38.4. Berlin als Hauptstadt und das Berlin-Bonn-Problem

1. Januar 1995

Der Bonn-Vertrag vom 29. 6. 1994 tritt in Kraft. Die Region Bonn (Bundesstadt Bonn, Rhein-Sieg-Kreis, Kreis Ahrweiler) erhält vom Bund Ausgleichsmaßnahmen für den Verlust des Sitzes von Parlament und Regierung in Höhe von 2,81 Milliarden DM als abschließende finanzielle Kompensation bis zum Jahre 2004. Die bestehenden Hauptstadtvereinbarungen zugunsten der Stadt Bonn bleiben unberührt.

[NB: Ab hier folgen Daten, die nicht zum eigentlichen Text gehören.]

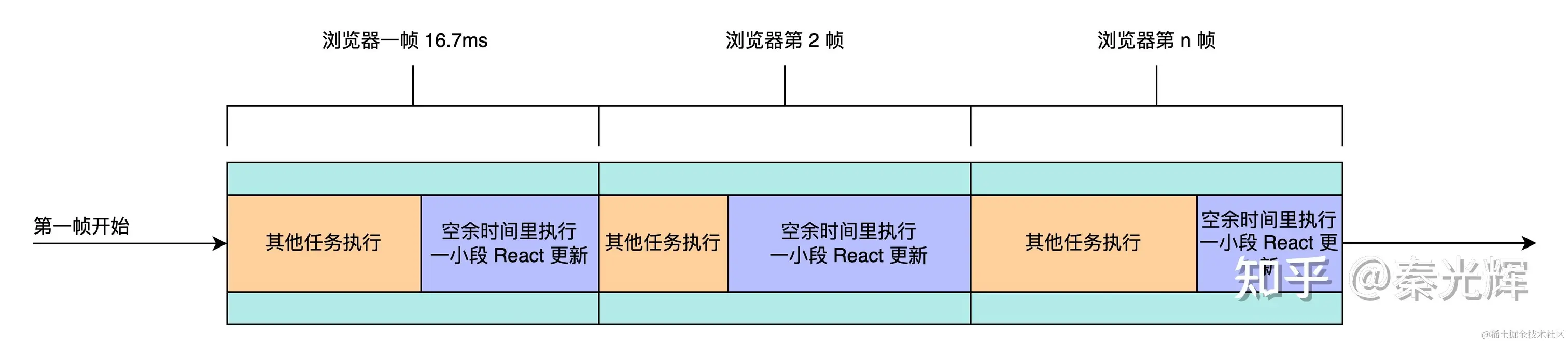 在18版本之后,渲染模式发生了变化,也就是并发更新,在react更新过程中渲染可以被中断,如下图,在一帧执行内优先执行高优先级任务,执行完高优先级任务后如果一帧还有剩余时间,则执行react更新,如果剩余时间用完,则中断react更新,继续执行其他任务,以此内推,这样就实现了ract并发更新。(高优先级任务有:用户输入响应、动画执行等)

Im Schwerpunktbereich Wissenschaftsstandort ist u. a. vorgesehen, in Bonn die Stiftung »Center of Advanced European Studies and Research« (CAESAR) für projektgebundene Grundlagenforschung zu errichten, ferner eine Fachhochschule Rhein-Sieg. An die Universität Bonn anzubinden sind ein »Zentrum für Europäische Integrationsforschung« (ZEI) und ein »Nord-Süd-Zentrum für Entwicklungsforschung« (ZEF). In Kraft tritt zugleich der Hauptstadtfinanzierungsvertrag zwischen dem Bund und dem Land Berlin vom 30. 6. 1994. Bis zum 31. 12. 2004 erhält Berlin einen abschließenden Gesamtbetrag von 1,3 Milliarden DM, vor allem zur Finanzierung der Verkehrsinfrastruktur (U- und S-Bahn, Straßentunnel).